= Ukase of 1821 =

Russian proclamation of sovereignty over northwestern North America

The Ukase of 1821 (Указ 1821 года) was a Russian proclamation (a ukase) of territorial sovereignty over northwestern North America, roughly present-day Alaska and most of the Pacific Northwest. The ukase was declared on September 4, 1821 (O. S.).

== Jurisdiction ==
The first section of the ukase stated that "the pursuits of commerce, whaling, fishing and other industry, on all islands, ports and gulfs, including the whole north-west coast of North America to the 45°50′ north latitude, are all included in this edict for the purpose of granting the same exclusivity to Russian subjects". The second section "prohibits all foreign vessels not only from landing on the coasts and islands belonging to Russia, but, also, does not permit them to approach these islands and coasts within less than one hundred Italian miles, without the vessels being subject to confiscation, along with the whole cargo" (one Italian mile was 2,025 yards/1,852 meters).

The southward limit of Russian territorial claim - to south of the mouth of the Columbia - was revised in light of initial protests by the US and Britain to 51° N latitude, known as "the line of the Emperor Paul", first having been established by the Ukase of 1799 during the reign of Emperor Paul I of Russia. "The line of the Emperor Paul" boundary had been revised northward to 55° north latitude in 1802 (51° N latitude corresponds, roughly, to the northern tip of Vancouver Island at Cape Scott).
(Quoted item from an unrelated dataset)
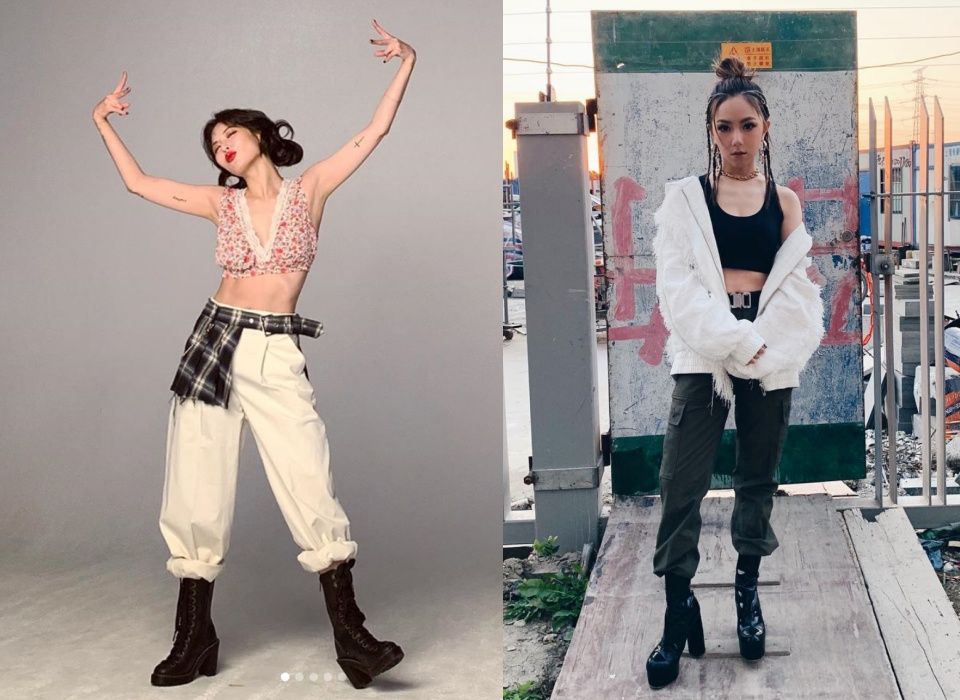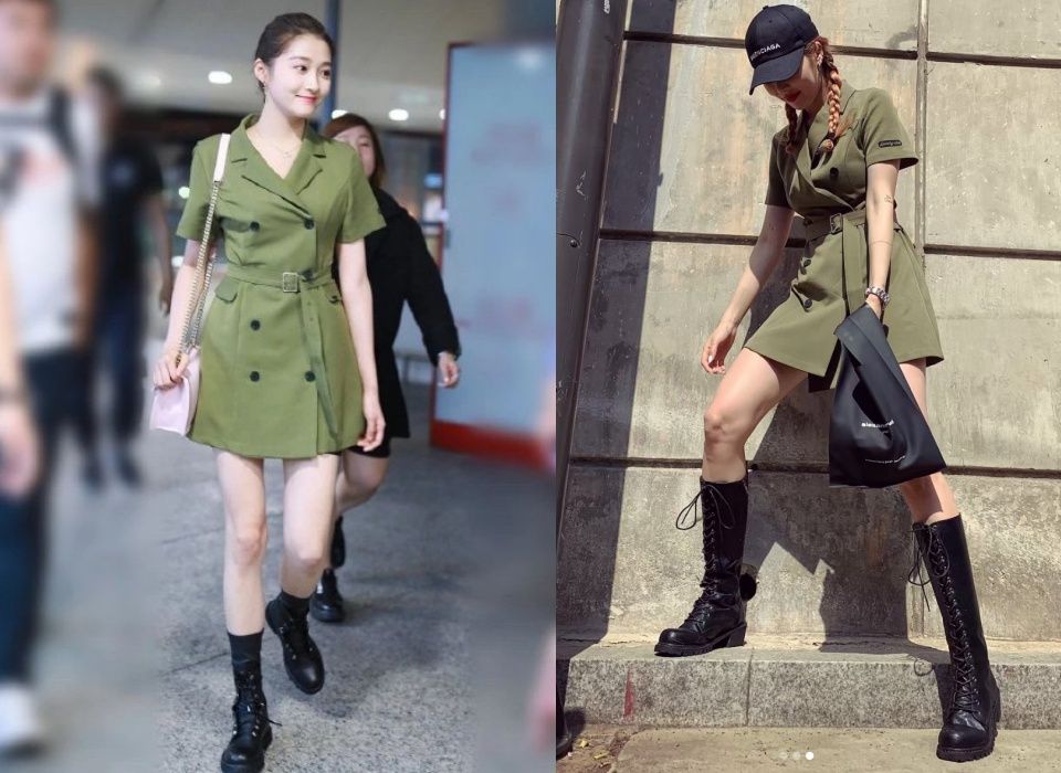 關曉彤和炫雅不約而同選了軍綠色的排釦洋裝。不過,炫雅的長筒馬丁靴更有氣勢,同時呼應了配件鴨舌帽和提包的黑色,讓整體穿搭更協調,街頭感也較多。

American and British diplomats and commentators strenuously objected to news of the Ukase of 1821, noting that American, British and French fur-trading vessels had frequented Norfolk Sound (Sitka Sound) before Russia had ever extended its claim eastward; the British pointed out that the landings and explorations of Captains Cook and Vancouver pre-dated any Russian assertion of sovereignty, and claimed (controversially) that British vessels had pioneered the region's fur trade before those of any other nation.

Extended negotiations and exchanges of diplomatic notes and missions by Great Britain and the U.S.A. led to the signing of both the Russo-American Treaty of 1824 and the Anglo-Russian Convention of 1825. In them Russia agreed to cede all claims south of 54°40′ N latitude. The 54°40′ N latitude line was proposed by the British, as general negotiations had focussed on 55° north latitude, but part of the Russian terms was a desire to retain all of Prince of Wales Island, the southern tip of which is at 54°40′ N latitude. British diplomats were less concerned about any eventual land boundary than they were about freedom of navigation in the North Pacific. In addition to the adjustment to include all of Prince of Wales Island within the Russian sphere, the Anglo-Russian Convention of 1825 also established the principle of the lisière, a vaguely defined strip of mainland extending inland ten leagues from the sea, and also included wording concerning the marine boundary north from Prince of Wales Island's southern tip. The latter items mentioned figured prominently in the Alaska boundary dispute of 1821–1903.

== Consequences ==
The only attempt to enforce the ukase occurred in 1822, when the Russian sloop Apollon seized the American ship Pearl on its way from Boston to Novoarkhangelsk (now known as Sitka, Alaska). When the American government protested, the vessel was released and compensation was paid for the detention.

Washington responded to Russia's 1821 ukase in the Monroe Doctrine, promulgated in 1823.